Hidradenitis Suppurativa,

HS is also known as 'Acne Inversa.' HS is a non-contagious, recurrent skin disease usually found in inverse areas of the body, or those places where there is skin-to-skin contact (armpits, groin, breasts, buttocks, etc.) and around hair follicles where apocrine sweat glands are located. HS is characterized by a progression from boil-like, cyst-type or abscess-like lesions to non-inflamed, hard lumps to painful, rounded deep-seated inflamed lesions with subsequent scarring and chronic seepage (suppuration --- hence the name).

These hard lumps occur under the skin and may be as large as baseballs in some people. They are very painful to the touch and may persist for years with occasional to frequent periods of inflammation. Inflamed lumps lead to extensive draining and the development of sinus tracts, or tunnels under the skin, which heal slowly or not at all and can lead to further inflammation and lumps; bacterial infections are possible at these sites. The HS sites can be painful and the pain can occur 24 hours a day, 7 days a week for HS sufferers during flareups. The sites can have drainage, which may have a foul odor.
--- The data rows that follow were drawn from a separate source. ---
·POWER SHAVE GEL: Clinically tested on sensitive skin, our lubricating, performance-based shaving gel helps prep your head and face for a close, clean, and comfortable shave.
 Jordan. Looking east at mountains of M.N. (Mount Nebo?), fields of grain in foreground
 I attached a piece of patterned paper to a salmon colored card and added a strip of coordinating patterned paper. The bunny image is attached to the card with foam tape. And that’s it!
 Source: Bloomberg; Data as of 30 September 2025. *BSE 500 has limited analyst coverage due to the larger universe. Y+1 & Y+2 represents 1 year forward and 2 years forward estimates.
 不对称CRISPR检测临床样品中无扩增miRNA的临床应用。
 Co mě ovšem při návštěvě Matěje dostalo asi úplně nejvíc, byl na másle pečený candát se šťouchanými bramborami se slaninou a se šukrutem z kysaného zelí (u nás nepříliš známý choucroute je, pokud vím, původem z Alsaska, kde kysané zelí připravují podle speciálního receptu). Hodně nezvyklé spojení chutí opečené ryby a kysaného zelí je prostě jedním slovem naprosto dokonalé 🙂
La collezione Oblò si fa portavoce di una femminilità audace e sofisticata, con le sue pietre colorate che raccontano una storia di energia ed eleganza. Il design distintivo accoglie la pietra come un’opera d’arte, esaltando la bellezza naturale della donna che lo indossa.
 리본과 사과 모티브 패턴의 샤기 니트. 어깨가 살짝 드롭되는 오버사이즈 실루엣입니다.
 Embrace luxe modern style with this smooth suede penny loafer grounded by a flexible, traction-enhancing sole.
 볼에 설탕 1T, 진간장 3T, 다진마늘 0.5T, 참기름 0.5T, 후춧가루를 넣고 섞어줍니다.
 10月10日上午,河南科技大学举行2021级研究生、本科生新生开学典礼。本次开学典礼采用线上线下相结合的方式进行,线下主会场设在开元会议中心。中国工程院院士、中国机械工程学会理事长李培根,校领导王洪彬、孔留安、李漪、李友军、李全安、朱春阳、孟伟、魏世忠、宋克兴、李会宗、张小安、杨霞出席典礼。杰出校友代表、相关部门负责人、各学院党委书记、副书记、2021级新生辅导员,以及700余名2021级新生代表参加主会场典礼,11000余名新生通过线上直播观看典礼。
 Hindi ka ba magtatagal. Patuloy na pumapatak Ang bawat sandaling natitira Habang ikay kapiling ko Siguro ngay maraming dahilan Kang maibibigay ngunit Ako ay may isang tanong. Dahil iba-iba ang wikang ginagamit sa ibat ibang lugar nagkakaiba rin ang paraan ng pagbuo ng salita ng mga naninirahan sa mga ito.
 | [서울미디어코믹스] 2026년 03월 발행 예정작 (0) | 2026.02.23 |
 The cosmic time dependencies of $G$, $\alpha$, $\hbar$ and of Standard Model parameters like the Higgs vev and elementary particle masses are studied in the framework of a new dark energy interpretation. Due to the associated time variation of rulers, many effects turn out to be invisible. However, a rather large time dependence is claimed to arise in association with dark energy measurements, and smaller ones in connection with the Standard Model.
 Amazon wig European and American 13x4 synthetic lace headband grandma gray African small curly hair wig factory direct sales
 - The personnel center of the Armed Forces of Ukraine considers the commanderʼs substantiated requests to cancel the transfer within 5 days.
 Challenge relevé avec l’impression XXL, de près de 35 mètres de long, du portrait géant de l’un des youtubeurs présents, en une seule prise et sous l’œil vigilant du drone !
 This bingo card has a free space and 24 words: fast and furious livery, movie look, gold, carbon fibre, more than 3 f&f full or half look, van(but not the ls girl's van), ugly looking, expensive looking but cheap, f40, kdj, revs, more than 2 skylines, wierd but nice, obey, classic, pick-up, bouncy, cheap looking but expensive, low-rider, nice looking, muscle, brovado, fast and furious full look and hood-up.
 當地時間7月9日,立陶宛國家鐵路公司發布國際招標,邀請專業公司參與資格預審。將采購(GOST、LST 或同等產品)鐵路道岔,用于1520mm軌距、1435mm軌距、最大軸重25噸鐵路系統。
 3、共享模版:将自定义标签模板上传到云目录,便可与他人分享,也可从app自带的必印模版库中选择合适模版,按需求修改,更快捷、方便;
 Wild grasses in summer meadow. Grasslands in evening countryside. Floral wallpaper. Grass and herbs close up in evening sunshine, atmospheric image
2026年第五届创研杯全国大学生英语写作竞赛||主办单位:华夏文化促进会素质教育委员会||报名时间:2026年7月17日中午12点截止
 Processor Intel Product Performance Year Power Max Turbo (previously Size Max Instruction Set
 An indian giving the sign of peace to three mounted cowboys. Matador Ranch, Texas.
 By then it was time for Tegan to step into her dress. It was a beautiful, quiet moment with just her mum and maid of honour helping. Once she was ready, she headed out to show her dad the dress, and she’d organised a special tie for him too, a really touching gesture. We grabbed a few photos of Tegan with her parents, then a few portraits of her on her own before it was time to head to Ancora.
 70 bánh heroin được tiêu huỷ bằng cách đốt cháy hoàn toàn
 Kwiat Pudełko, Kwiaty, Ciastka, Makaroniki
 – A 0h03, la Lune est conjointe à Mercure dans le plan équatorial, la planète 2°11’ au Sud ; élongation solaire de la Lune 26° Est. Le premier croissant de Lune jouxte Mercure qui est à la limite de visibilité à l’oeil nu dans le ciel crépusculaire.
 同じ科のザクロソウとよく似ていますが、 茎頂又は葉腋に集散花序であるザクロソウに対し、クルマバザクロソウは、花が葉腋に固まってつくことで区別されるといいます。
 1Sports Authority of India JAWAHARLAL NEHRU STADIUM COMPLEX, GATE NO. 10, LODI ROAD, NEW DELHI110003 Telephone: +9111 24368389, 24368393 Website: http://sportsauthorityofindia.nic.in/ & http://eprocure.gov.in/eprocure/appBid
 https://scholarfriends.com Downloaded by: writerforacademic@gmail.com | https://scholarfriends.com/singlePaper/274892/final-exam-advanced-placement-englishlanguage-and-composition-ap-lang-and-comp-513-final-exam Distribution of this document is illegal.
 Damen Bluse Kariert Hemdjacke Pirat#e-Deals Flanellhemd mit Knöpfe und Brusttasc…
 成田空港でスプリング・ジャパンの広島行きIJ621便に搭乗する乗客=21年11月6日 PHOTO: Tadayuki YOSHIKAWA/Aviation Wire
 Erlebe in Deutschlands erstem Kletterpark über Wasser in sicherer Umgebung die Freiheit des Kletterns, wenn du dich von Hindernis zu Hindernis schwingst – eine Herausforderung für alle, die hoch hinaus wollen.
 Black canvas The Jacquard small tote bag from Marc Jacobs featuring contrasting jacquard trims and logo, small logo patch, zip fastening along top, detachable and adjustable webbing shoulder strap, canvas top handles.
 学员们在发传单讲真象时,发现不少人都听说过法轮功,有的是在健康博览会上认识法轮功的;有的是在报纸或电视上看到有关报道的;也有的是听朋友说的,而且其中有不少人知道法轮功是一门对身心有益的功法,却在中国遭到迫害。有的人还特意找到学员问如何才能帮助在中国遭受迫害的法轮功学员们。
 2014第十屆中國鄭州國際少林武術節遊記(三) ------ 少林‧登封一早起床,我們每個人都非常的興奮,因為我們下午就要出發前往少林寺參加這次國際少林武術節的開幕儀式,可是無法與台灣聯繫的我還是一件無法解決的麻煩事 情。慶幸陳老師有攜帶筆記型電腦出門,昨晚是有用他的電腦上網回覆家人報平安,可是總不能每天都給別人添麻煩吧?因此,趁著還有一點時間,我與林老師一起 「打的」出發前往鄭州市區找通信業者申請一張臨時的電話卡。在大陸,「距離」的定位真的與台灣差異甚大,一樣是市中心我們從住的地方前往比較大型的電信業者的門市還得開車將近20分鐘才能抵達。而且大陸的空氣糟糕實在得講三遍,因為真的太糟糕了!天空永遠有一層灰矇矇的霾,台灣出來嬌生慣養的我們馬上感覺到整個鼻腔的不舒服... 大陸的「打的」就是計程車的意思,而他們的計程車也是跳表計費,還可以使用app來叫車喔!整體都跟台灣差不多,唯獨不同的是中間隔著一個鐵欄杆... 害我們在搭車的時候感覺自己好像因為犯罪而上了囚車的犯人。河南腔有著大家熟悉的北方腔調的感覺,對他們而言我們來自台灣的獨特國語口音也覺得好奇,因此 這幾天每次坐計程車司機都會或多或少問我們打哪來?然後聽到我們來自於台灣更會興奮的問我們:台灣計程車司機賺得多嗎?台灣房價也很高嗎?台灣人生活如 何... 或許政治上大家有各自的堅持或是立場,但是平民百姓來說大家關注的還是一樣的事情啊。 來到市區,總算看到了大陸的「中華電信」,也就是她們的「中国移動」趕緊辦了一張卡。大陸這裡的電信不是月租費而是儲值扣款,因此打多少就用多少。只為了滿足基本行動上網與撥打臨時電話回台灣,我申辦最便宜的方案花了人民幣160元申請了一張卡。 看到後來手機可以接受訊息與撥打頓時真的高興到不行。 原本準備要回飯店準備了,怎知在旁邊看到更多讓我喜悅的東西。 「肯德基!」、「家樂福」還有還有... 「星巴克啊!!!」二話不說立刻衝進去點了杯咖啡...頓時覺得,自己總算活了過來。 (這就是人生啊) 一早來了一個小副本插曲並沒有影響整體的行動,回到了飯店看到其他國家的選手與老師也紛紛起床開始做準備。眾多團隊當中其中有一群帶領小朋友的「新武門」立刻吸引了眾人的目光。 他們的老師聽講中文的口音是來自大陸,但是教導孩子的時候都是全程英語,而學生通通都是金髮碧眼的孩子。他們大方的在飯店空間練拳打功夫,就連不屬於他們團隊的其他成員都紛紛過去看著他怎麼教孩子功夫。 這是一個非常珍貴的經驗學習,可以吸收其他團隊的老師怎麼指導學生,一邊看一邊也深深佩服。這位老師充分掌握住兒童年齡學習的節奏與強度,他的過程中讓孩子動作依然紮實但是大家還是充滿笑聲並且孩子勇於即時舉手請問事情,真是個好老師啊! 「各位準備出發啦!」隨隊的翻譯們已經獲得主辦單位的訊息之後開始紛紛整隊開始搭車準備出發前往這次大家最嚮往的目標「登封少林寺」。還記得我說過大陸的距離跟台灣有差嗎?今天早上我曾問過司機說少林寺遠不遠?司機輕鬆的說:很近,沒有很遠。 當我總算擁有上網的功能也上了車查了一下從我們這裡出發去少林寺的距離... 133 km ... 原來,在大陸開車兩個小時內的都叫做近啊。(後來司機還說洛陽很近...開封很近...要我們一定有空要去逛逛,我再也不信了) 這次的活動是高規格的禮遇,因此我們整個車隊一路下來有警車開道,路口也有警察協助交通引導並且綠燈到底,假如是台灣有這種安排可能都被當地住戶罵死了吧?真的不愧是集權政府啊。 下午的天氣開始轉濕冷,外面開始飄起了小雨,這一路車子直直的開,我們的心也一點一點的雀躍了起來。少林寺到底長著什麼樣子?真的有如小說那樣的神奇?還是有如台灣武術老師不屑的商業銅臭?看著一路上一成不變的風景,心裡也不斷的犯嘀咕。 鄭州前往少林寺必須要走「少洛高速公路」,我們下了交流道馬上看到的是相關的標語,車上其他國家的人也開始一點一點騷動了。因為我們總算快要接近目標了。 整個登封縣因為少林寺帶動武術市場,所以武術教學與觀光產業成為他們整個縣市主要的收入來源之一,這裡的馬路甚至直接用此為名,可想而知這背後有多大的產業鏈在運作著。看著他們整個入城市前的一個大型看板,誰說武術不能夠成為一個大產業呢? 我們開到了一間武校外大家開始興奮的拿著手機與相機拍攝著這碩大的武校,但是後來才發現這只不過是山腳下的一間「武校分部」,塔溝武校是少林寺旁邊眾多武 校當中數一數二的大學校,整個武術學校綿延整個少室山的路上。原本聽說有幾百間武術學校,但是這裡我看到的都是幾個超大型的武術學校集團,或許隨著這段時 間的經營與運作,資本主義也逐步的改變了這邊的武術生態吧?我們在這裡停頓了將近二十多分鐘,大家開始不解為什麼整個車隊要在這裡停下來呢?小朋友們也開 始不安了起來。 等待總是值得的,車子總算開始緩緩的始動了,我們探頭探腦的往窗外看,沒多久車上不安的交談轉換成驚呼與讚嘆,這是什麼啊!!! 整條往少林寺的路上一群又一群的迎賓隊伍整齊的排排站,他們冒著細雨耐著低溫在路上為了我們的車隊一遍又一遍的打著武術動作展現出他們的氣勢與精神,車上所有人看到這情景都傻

The pain, the drainage and the odor can often limit activities and cause depression so that people often do not or cannot work, or even go out in public. Most often, HS goes undiagnosed or misdiagnosed for years. The patient ends up in a very expensive and exhausting futile search for help. So not only is the patient dealing with a painful problem – they are following a trail of useless treatments. The pain pushes the patient to seek relief, only to be met with failure. The stress from the building sense of hopelessness – exacerbating the pain, depleting funds and ultimately can result in depression. In addition to depression, there are many other physical and psychological impacts and effects HS can have on a person.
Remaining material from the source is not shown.